■ Activity:
Find the line with "Wg danych zgromadzonych" in the data below. Repeat it and every line after it exactly, but not the pictures.

■ Data provided:

------------

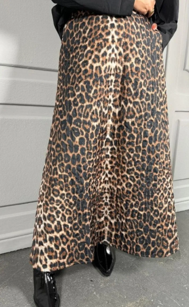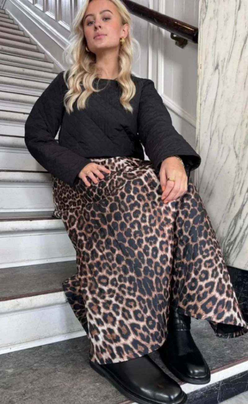 Den fineste nederdel vatteret i leopardprint fra Stories From The Atelier. Nederdelen lukkes bagpå med lynlås og har fast linning.
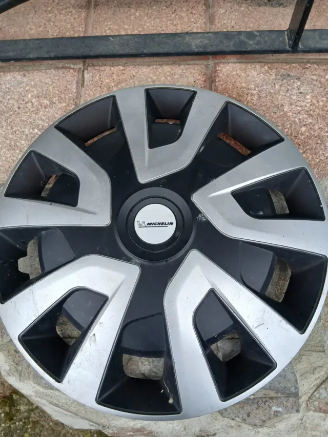 Tapacubos de la marca Michelin con un diseño moderno y deportivo. - Tamaño: 15 pulgadas. - Color: Gris y negro.
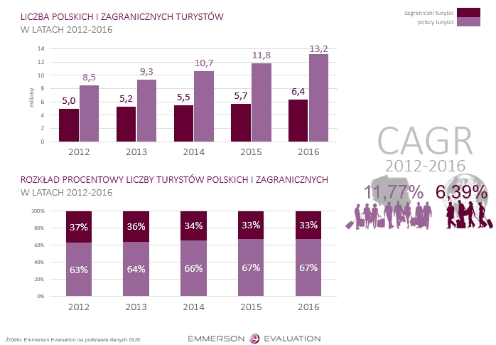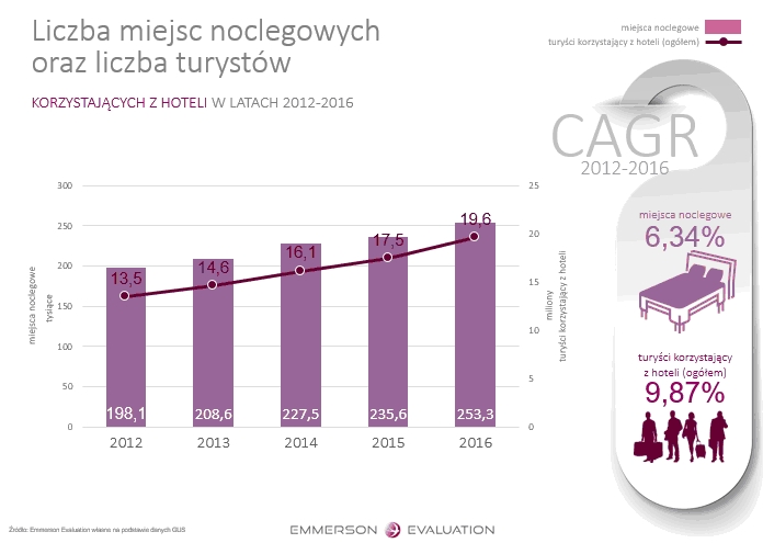 Wg danych zgromadzonych w raporcie „Rynek hotelowy w Polsce ” w 2016 r. krajowa baza obejmowała 253,3 tys. miejsc noclegowych i z roku na rok rośnie. Przybywa również turystów korzystających z polskich hoteli, ich liczba sięga już 19,6 mln. Przy czym, jak zaznaczają eksperci Emmerson Evaluation, to głównie krajowi turyści stymulują rynek. Zamożność polskich gospodarstw domowych bowiem rośnie, a wraz z nią także skłonność do ponoszenia wydatków na podróże. Współczynnik CAGR[1], tj. średni wskaźnik rocznego wzrostu, w przypadku krajowych turystów w latach 2012-2016 wyniósł 11,27%, a dla zagranicznych 6,39%. Na jednego cudzoziemca w polskich hotelach przypada więc dwóch Polaków.
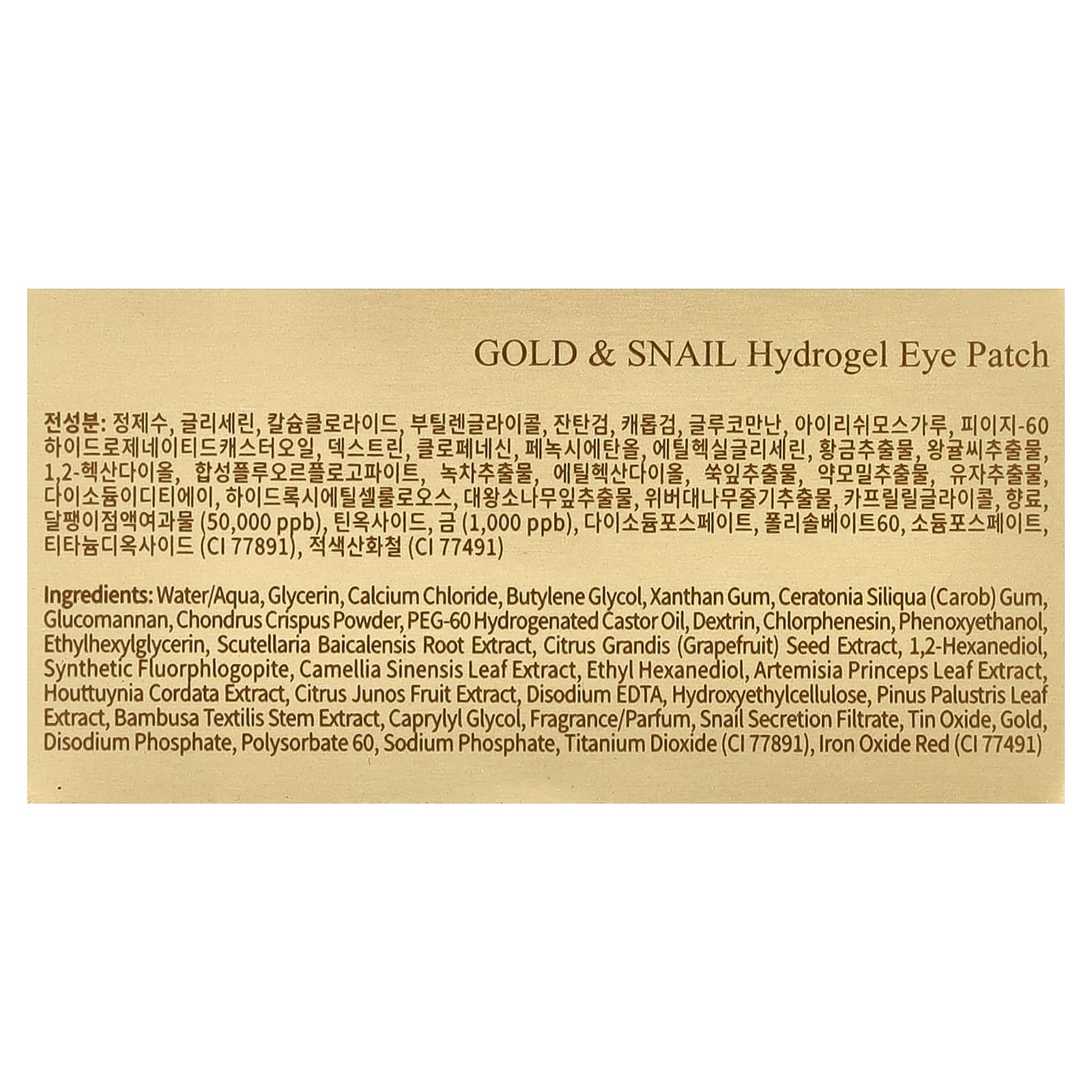 Água/aqua, glicerina, cloreto de cálcio, butilenoglicol, goma xantana, glucomanano de goma de Ceratonia siliqua (alfarroba), pó de Chondrus crispus, óleo de rícino hidrogenado peg-60, dextrina, clorfenesina, fenoxietanol, ethylhexylglycerin, extrato da raiz de Scutellaria baicalensis, extrato da semente de Citrus grandis (pomelo), 1,2-hexanediol, synthetic fluorphlogopite, extrato da folha de Camellia sinensis, ethyl hexanediol, extrato da folha de Artemisia princeps, extrato de Houttuynia cordata, extrato da fruta de Citrus junos, edetato dissódico, hietelose, extrato da folha de Pinus palustris, extrato do caule de Bambusa textilis, caprylyl glycol, fragrância/perfume, filtrado de secreção de caracol, óxido de estanho, ouro, fosfato dissódico, polissorbato 60, fosfato de sódio, dióxido de titânio (CI 77891), vermelho de óxido de ferro (CI 77491).

------------

■ Solution below:
 Wg danych zgromadzonych w raporcie „Rynek hotelowy w Polsce ” w 2016 r. krajowa baza obejmowała 253,3 tys. miejsc noclegowych i z roku na rok rośnie. Przybywa również turystów korzystających z polskich hoteli, ich liczba sięga już 19,6 mln. Przy czym, jak zaznaczają eksperci Emmerson Evaluation, to głównie krajowi turyści stymulują rynek. Zamożność polskich gospodarstw domowych bowiem rośnie, a wraz z nią także skłonność do ponoszenia wydatków na podróże. Współczynnik CAGR[1], tj. średni wskaźnik rocznego wzrostu, w przypadku krajowych turystów w latach 2012-2016 wyniósł 11,27%, a dla zagranicznych 6,39%. Na jednego cudzoziemca w polskich hotelach przypada więc dwóch Polaków.
 Água/aqua, glicerina, cloreto de cálcio, butilenoglicol, goma xantana, glucomanano de goma de Ceratonia siliqua (alfarroba), pó de Chondrus crispus, óleo de rícino hidrogenado peg-60, dextrina, clorfenesina, fenoxietanol, ethylhexylglycerin, extrato da raiz de Scutellaria baicalensis, extrato da semente de Citrus grandis (pomelo), 1,2-hexanediol, synthetic fluorphlogopite, extrato da folha de Camellia sinensis, ethyl hexanediol, extrato da folha de Artemisia princeps, extrato de Houttuynia cordata, extrato da fruta de Citrus junos, edetato dissódico, hietelose, extrato da folha de Pinus palustris, extrato do caule de Bambusa textilis, caprylyl glycol, fragrância/perfume, filtrado de secreção de caracol, óxido de estanho, ouro, fosfato dissódico, polissorbato 60, fosfato de sódio, dióxido de titânio (CI 77891), vermelho de óxido de ferro (CI 77491).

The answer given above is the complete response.